There was just room in the road to turn, and a few seconds later the carriage was rumbling along over the bad road towards the paved streets of the city, while its only inmate slowly recovered his breath and made attempts in the dark to repair the disorder of his dress before he reached his palace. But that was not easy, for he had dropped his cloak in the struggle with Ortensia and had lost his hat in falling with the ladder; moreover, his collar and wristbands were covered with blood, and his usually smooth hair looked like a wild man's. Last, and perhaps least in his estimation, he had given a thousand crowns, in the shape of two hundred and fifty gold ducats of Naples, for the pleasure of being half-strangled by a young woman, thrown out of the window by her rescuer, and finally kicked downhill for a distance of at least two hundred and fifty yards by an unseen boot. As an equivalent for so much money these mishaps were unsatisfactory; but what the sufferer now most desired was to save some remnant of his dignity before his servants, and then to be avenged on those who had so signally frustrated his plans.

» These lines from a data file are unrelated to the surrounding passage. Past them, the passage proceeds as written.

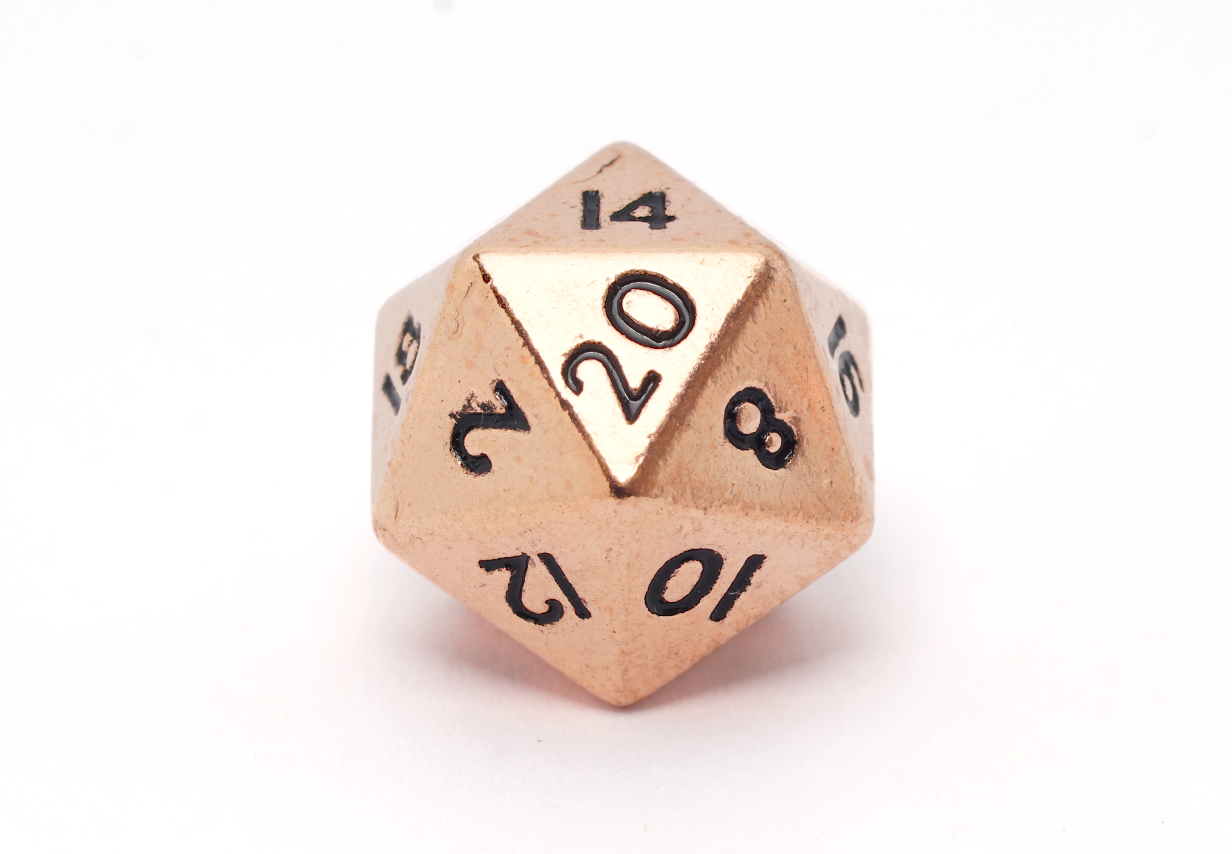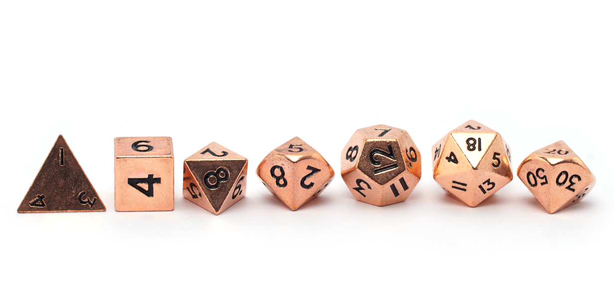 Glorious polished copper machined metal dice... now in miniature, so they're not as likely to leave a crater in your dice tray, but still dense enough to roll with an impact.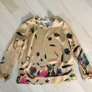 Beige silk top sweater floral design loose flattering silhouette long sleeves NWT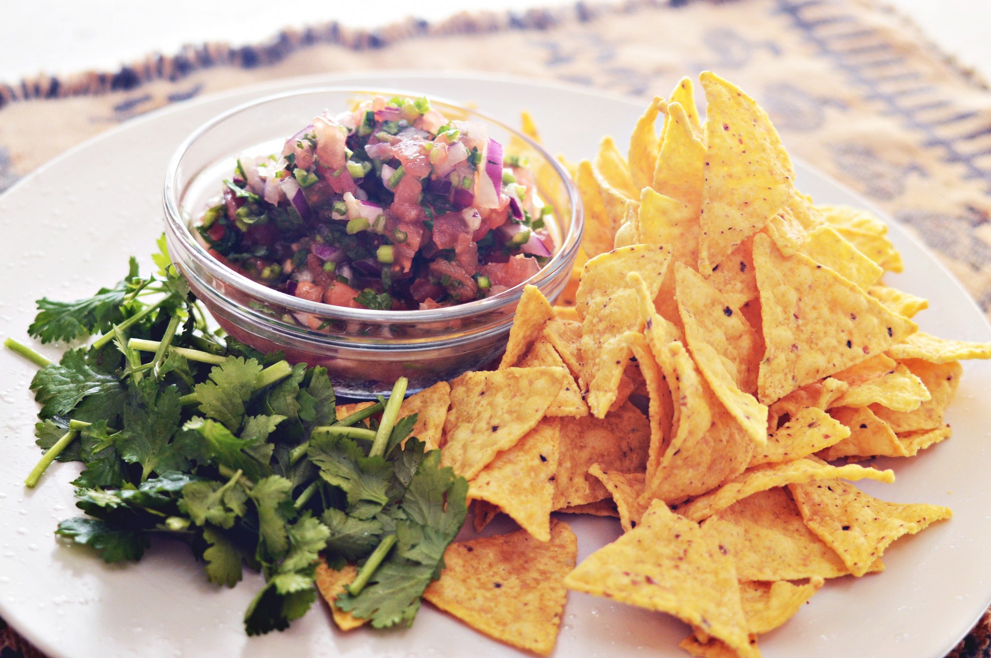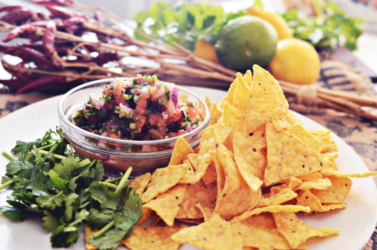 皿にトルティーヤ・チップスを盛り付け、サルサを添えるだけで立派な一品になります。食べやすく刻んだフレッシュパクチーなどを添えるといっそう本格的に。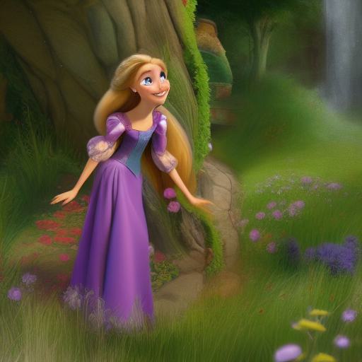 - “Rapunzel” and “Tangled” are specific character and story references that can influence the overall texture and aesthetic of the image. They provide inspiration for the use of specific motifs and themes, such as hair, flowers, and castles.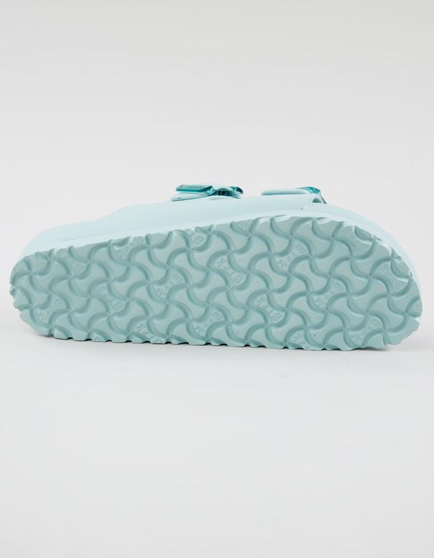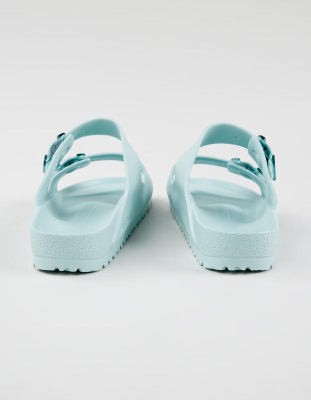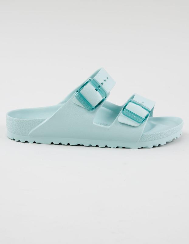 Birkenstock Arizona Stealth Buckle EVA Sandals. Birkenstock's best-selling sandal in an ultra-lightweight style. The Arizona Essentials sandal is made from water-friendly material, giving you a flexible design built on the contoured footbed you love most. With translucent buckles, it's the perfect throw-and-go style for everything from the pool to post-workout. Contoured footbed for legendary Birkenstock support. Made from water-friendly EVA. Lightweight & flexible. Two straps with translucent pin buckles. Imported.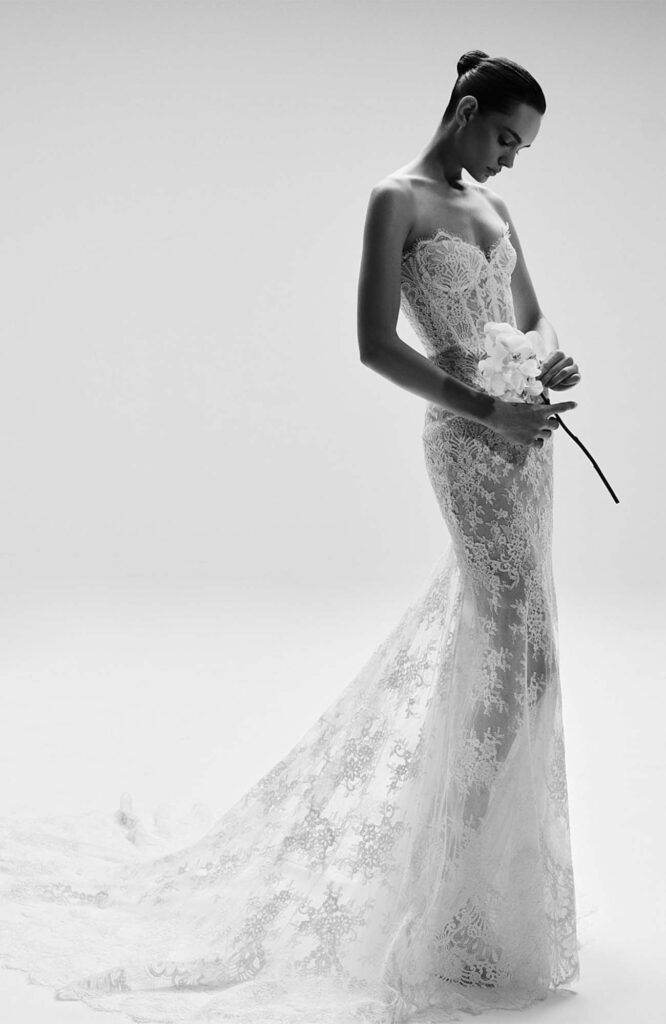 Spettacolari, come sempre, anche gli abiti da sposa Zuhair Murad in pizzo, sensuali e romantici, da completare con i vari accessori, compreso il giacchino in pizzo che conferisce un look alla Grace Kelly sposa. “Luminosa e radiosa, l'eterea pienezza degli abiti in pizzo evoca un mondo poetico e raffinato, che richiama la morbidezza dei petali e lo scintillio dei cristalli, che avvolgono le curve del corpo mentre i ricami floreali sbocciano e si disperdono lungo il tulle di seta”, spiega la maison.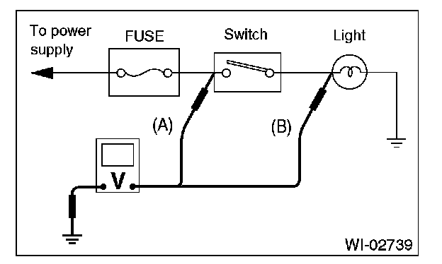 2. Contact the positive lead of the voltmeter on connector (A). The voltmeter will indicate a voltage.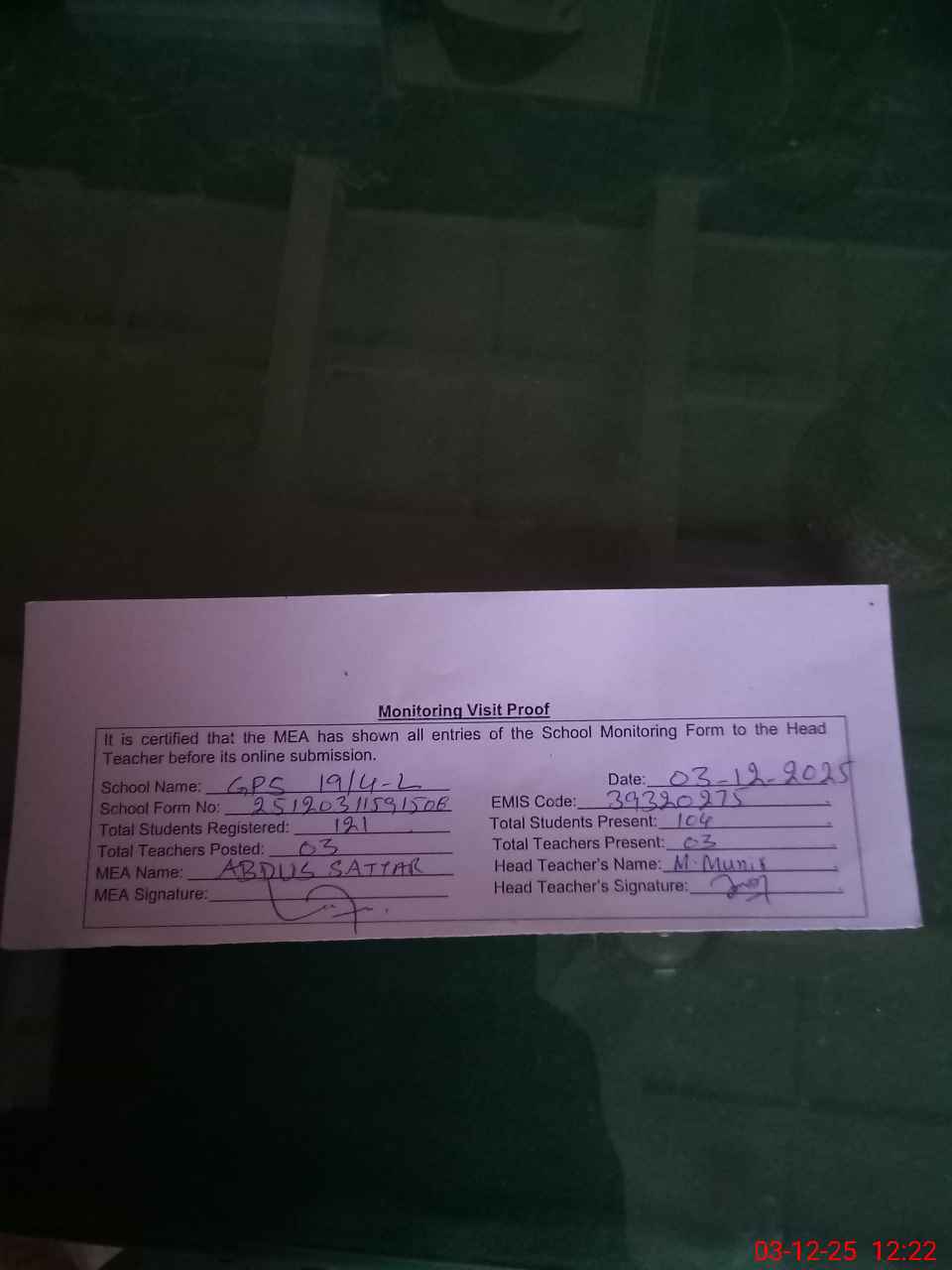 | EMIS Code: 39320275 | Name of School: GPS CHAK 19/4L | |||

He was disappointed in the first of these wishes, at all events, for when he was helped from his carriage by the porter and the running footman at the foot of the grand staircase, he found himself face to face with Alessandro Stradella, who was as pale as his own collar and half mad with anxiety. One glance told the musician that Altieri had been worsted in an adventure, which, he was sure, could only be accounted for by Ortensia's disappearance.
'Where is my wife?' asked Stradella, standing in the way on the step.
Don Alberto was surprised and angry, and his shame at being seen in such plight, in his own house, overcame any prudence or self-control he had left. Besides, he felt himself sufficiently defended by his servants.
'Your wife?' he said, trying to push Stradella aside. 'She is in a little house near the Lateran, with her lover!'
'Liar!'
With the ringing insult, the Sicilian's open hand struck Don Alberto such a blow across the face that he staggered back against the carriage step, the blood spurting from his nose and lips.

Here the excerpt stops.